Though it takes place on the homefront rather than the frontline, then, what Liu is practising here is its own form of embedded journalism, one more emotionally open and literate than war reporting tends to be. He spots things only a very dear friend would, be those the vivid, personalising details that corroborate the truths being told here (two lingering memories: the credibly messy bedrooms these men-children emerge from, and the gigantic beer stein Zack is caught supping from at the point in the film where his drinking is first suspected to be a problem) or the wider forces at play in these lives. In the edit, with the benefit of hindsight, he was especially alert to the pressures that cause relationships to fray and fail; to the attitudes and patterns of behaviour that recur in one generation after another; and, most crucially of all, to the essential decency and dignity of those trying to break the cycle.
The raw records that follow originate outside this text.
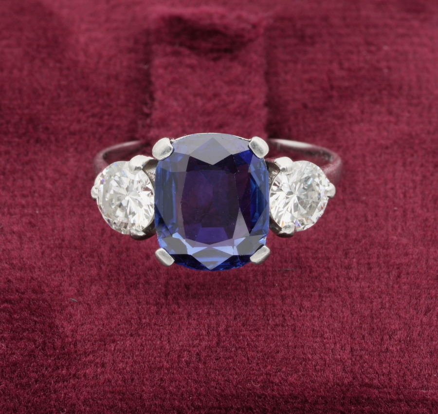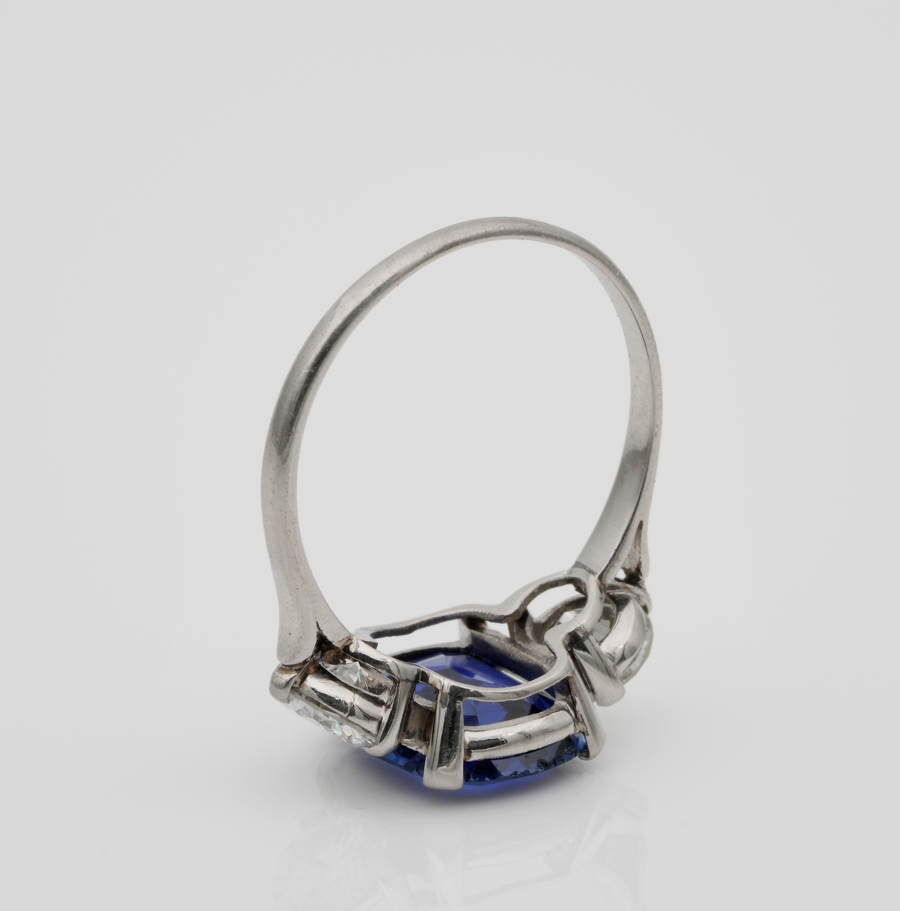 Centre is a superb rich blue, antique cushion cut Burmese Sapphire – no heat or treatment of any sort – which appears to be much larger than its size 2.30 Ct measuring a good 9.3 mm. x 7.7 mm – sometimes you see large carat weight with small look, you cant really say as mother nature makes gemstones like humans every one different from the other, and this Sapphire is a very good compromise between colour, clarity which is exceptional, and size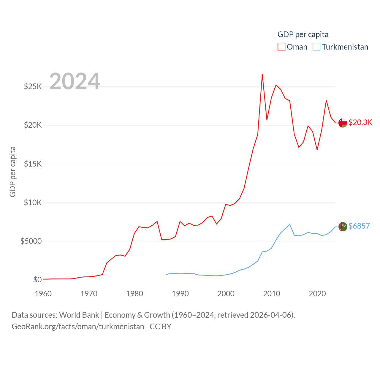 By GDP, Oman ranks 70/197 ($107B) and Turkmenistan ranks 92/197 ($51.4B). By GDP per capita, Oman ranks 57/197 ($20,285), while Turkmenistan ranks 104/197 ($6,857).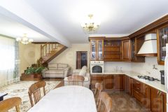 Качество и стиль: В доме выполнен современный качественный ремонт. Лестница и кухонный гарнитур из массива, на полу ламинат 33-го класса и керамогранит. Высота потолков 3 м, качественные пластиковые окна под ламинацию, двери из натурального шпона. Дом очень тёплый и эргономичный. Из мебели и техники остаётся практически всё: кухонный гарнитур с встроенной бытовой техникой (газовая варочная панель, посудомоечная машина, вытяжка), диваны, комоды, стол и стулья из массива, кровати, тумбочки.
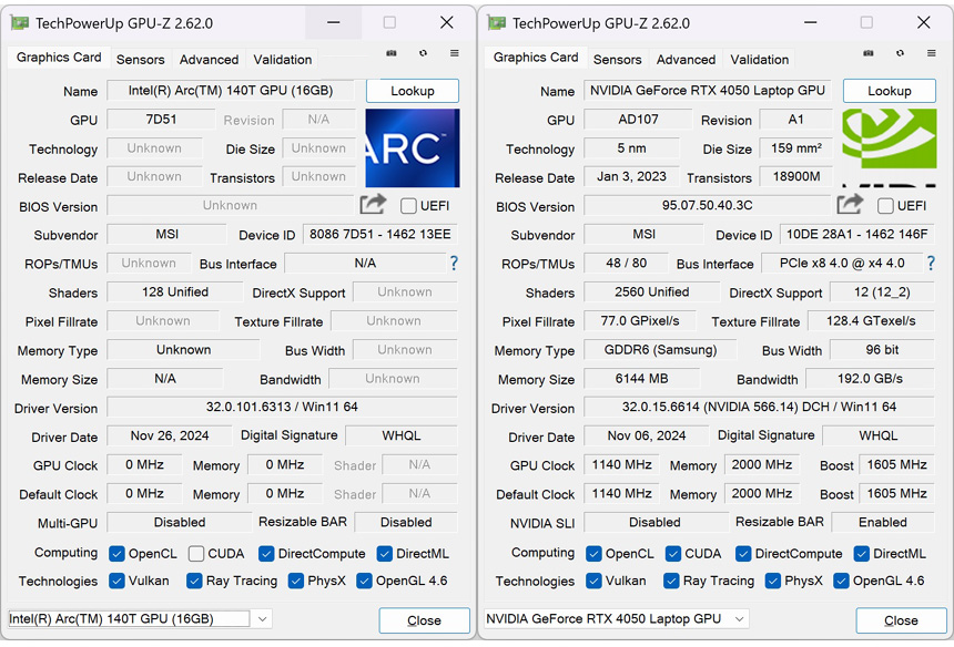 내/외장 그래픽의 스펙을 확인하고 있는 모습으로 RTX 4050은 1605MHz 의 부스트 클럭으로 작동하며 6GB 의 GDDR6 비디오 전용램이 설치된 것을 확인할 수 있다. @ 이 제품은 생산성에 특화된 노트북으로 엔비디아 스튜디오 드라이버를 설치하기 바란다.

At a mere 95 minutes, the film is roughly half the length of Hoop Dreams, yet it encompasses a similar depth and breadth of experience, cutting to the quick of these lives while never once appearing to sacrifice any complexity in its urge to communicate to us how they played out. It is at once a remarkable, semi-miraculous achievement - as surviving adolescence with all limbs intact almost always is, even for those of us who've never gone near a 360 toe flip - and as comprehensive an illustration as I've seen of how muddle-headed boys fumble their way, often haphazardly and belatedly, often in the absence of anything like proper direction, towards some form of maturity.

Minding the Gap is now playing in selected cinemas, and streaming via Curzon and the BFI.